**Work to complete**
An exact copy of every record below is required, with the pictures left out.

Segment Open

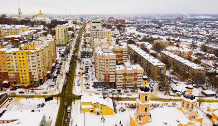 Aerial view of snow covered Penza overlooking Spassky Cathedral
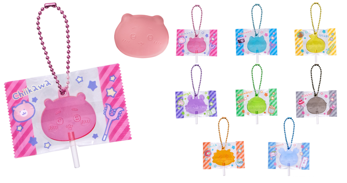 「吉伊卡哇 糖果造型吊飾」,將吉伊卡哇中的人氣角色化為棒棒糖造型,不僅有像是真正糖果般的透明感繽紛色彩,還有可愛且逼真的包裝袋,不仔細看真的會以為是把棒棒糖掛在身上呢!收錄有:吉伊卡哇、小八、兔兔、小桃、古本、栗子饅頭、海獺勇者、風獅獅薩,每種款式搭配角色,配有不同顏色的彩色球鏈,可以吊掛展示或是掛在包包上隨身攜帶~另外,每包附一顆桃子口味的角色造型軟糖!超可愛的大頭,怎麼捨得吃~~
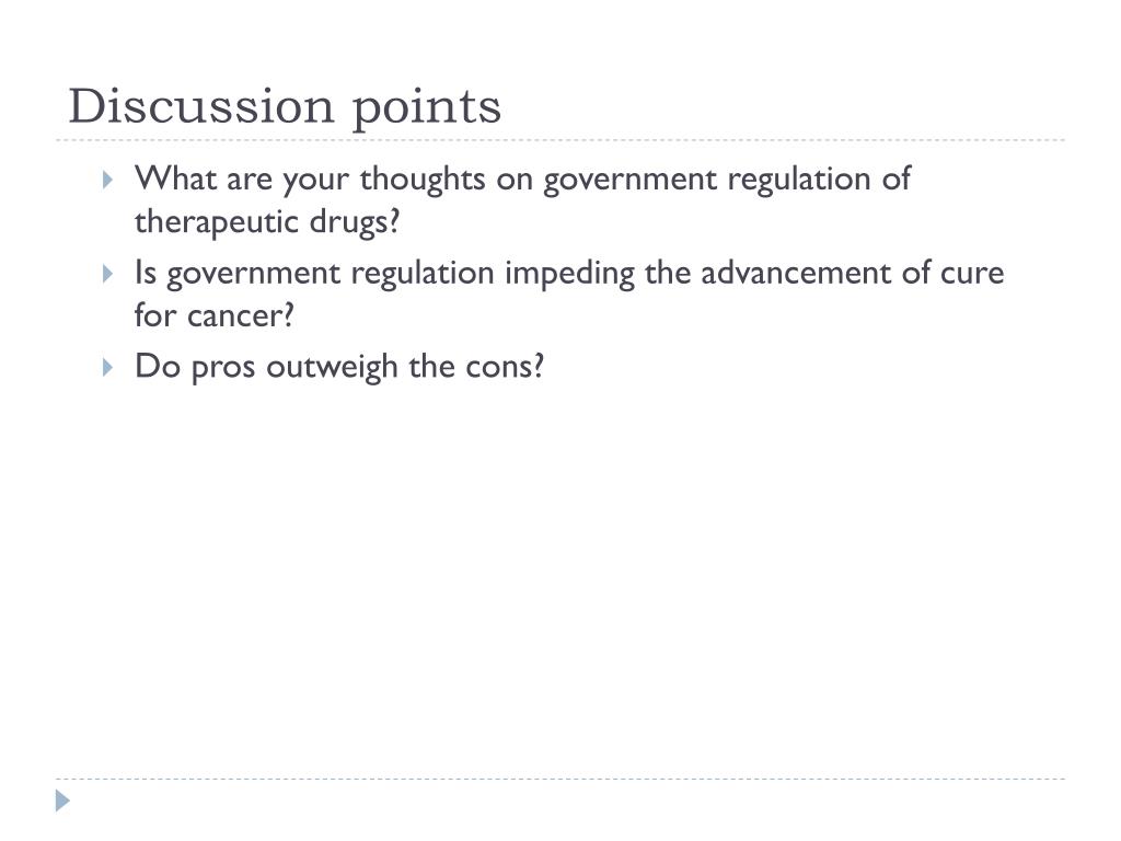 Discussion points • What are your thoughts on government regulation of therapeutic drugs? • Is government regulation impeding the advancement of cure for cancer? • Do pros outweigh the cons?
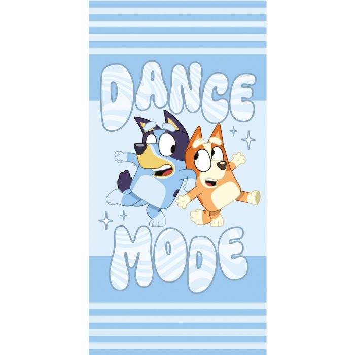 Bluey håndklæde - 70x140 cm - Blødt badehåndklæde med Bluey og Bingo i dance mode - 100% bomuld børnehåndklæde
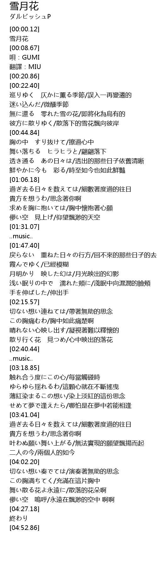 | [00:42.12] | 彼方に散りゆく/散落下的雪花飄向彼岸 |
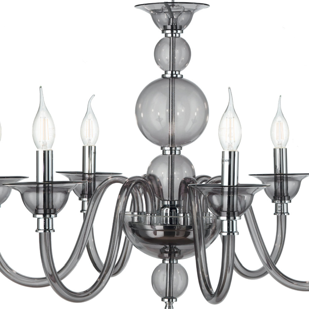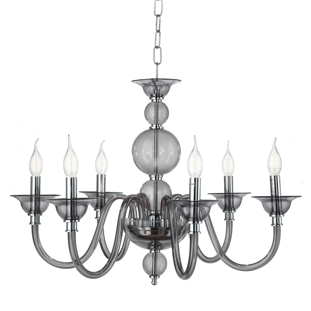 Klasický 6-ti světelný lustr z chromového kovu a ručně vyráběného kouřového skla, vyrobený v Itálii.
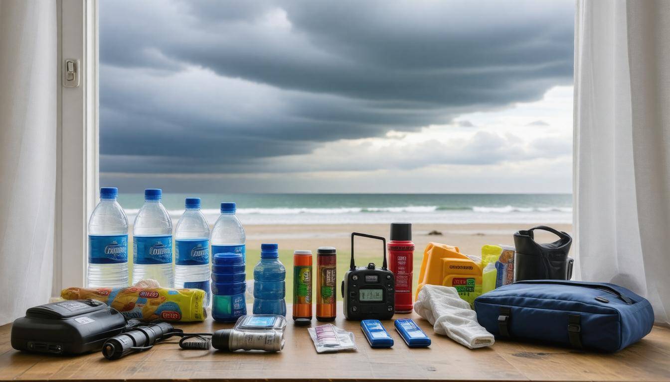 What supplies should I stock up on before a storm hits at the beach?

Segment Closed

**Task output**
 Aerial view of snow covered Penza overlooking Spassky Cathedral
 「吉伊卡哇 糖果造型吊飾」,將吉伊卡哇中的人氣角色化為棒棒糖造型,不僅有像是真正糖果般的透明感繽紛色彩,還有可愛且逼真的包裝袋,不仔細看真的會以為是把棒棒糖掛在身上呢!收錄有:吉伊卡哇、小八、兔兔、小桃、古本、栗子饅頭、海獺勇者、風獅獅薩,每種款式搭配角色,配有不同顏色的彩色球鏈,可以吊掛展示或是掛在包包上隨身攜帶~另外,每包附一顆桃子口味的角色造型軟糖!超可愛的大頭,怎麼捨得吃~~
 Discussion points • What are your thoughts on government regulation of therapeutic drugs? • Is government regulation impeding the advancement of cure for cancer? • Do pros outweigh the cons?
 Bluey håndklæde - 70x140 cm - Blødt badehåndklæde med Bluey og Bingo i dance mode - 100% bomuld børnehåndklæde
 | [00:42.12] | 彼方に散りゆく/散落下的雪花飄向彼岸 |
 Klasický 6-ti světelný lustr z chromového kovu a ručně vyráběného kouřového skla, vyrobený v Itálii.
 What supplies should I stock up on before a storm hits at the beach?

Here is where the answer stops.